→ **DATA BELOW**:
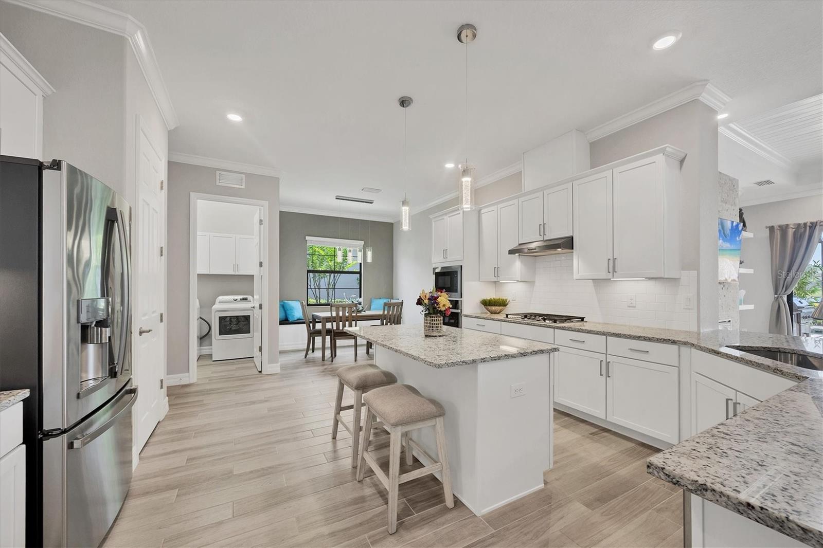 - Appliances: Built-In Oven, Cooktop, Dishwasher, Disposal, Dryer, Gas Water Heater, Microwave, Range Hood, Refrigerator, Washer
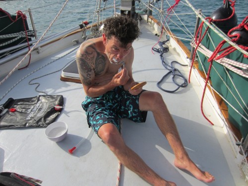 Zuguterletzt noch der Gast an Board NautikBernd er versucht seine Knoten im Hirn zu lösen und hat fast immer Schicht !!!!!!!!!!!!!!- man(n) man(n) man(n) und Essen kann der da bleibt vom Fish nichts übrig 😉
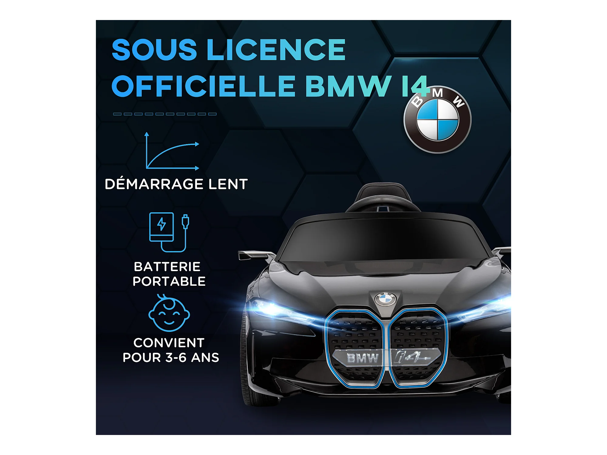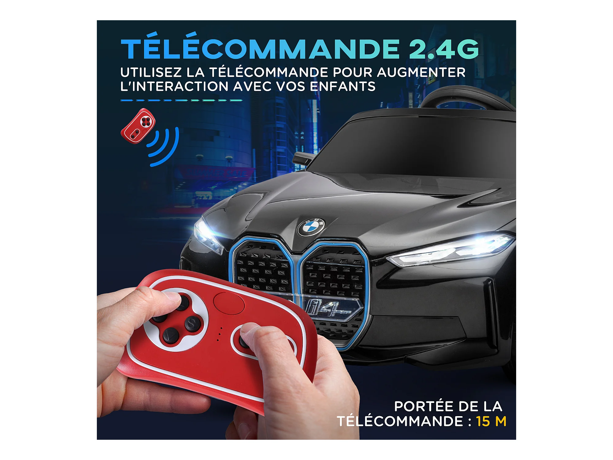 Voiture électrique enfant licence BMW I4 12V 3-5Km/h max. nombreux effets télécommande noir
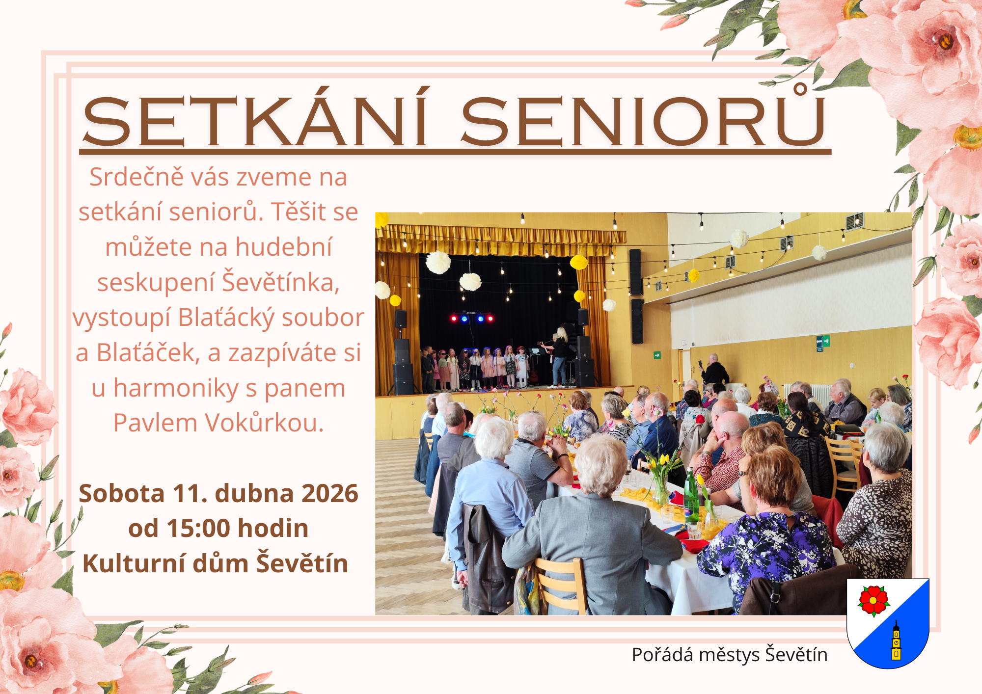 Srdečně vás zveme na setkání seniorů, které se koná v sobotu 11. 4. 2026 od 15:00 hodin v kulturním domě Ševětín. Těšit se můžete na hudební seskupení Ševětínka, vystoupí Blaťácký soubor a Blaťáček, a zazpíváte si u harmoniky s panem Pavlem Vokůrkou.

→ **TASK STATEMENT**:
Print all data above verbatim, except pictures.

→ **PROBLEM SOLUTION**:
 - Appliances: Built-In Oven, Cooktop, Dishwasher, Disposal, Dryer, Gas Water Heater, Microwave, Range Hood, Refrigerator, Washer
 Zuguterletzt noch der Gast an Board NautikBernd er versucht seine Knoten im Hirn zu lösen und hat fast immer Schicht !!!!!!!!!!!!!!- man(n) man(n) man(n) und Essen kann der da bleibt vom Fish nichts übrig 😉
 Voiture électrique enfant licence BMW I4 12V 3-5Km/h max. nombreux effets télécommande noir
 Srdečně vás zveme na setkání seniorů, které se koná v sobotu 11. 4. 2026 od 15:00 hodin v kulturním domě Ševětín. Těšit se můžete na hudební seskupení Ševětínka, vystoupí Blaťácký soubor a Blaťáček, a zazpíváte si u harmoniky s panem Pavlem Vokůrkou.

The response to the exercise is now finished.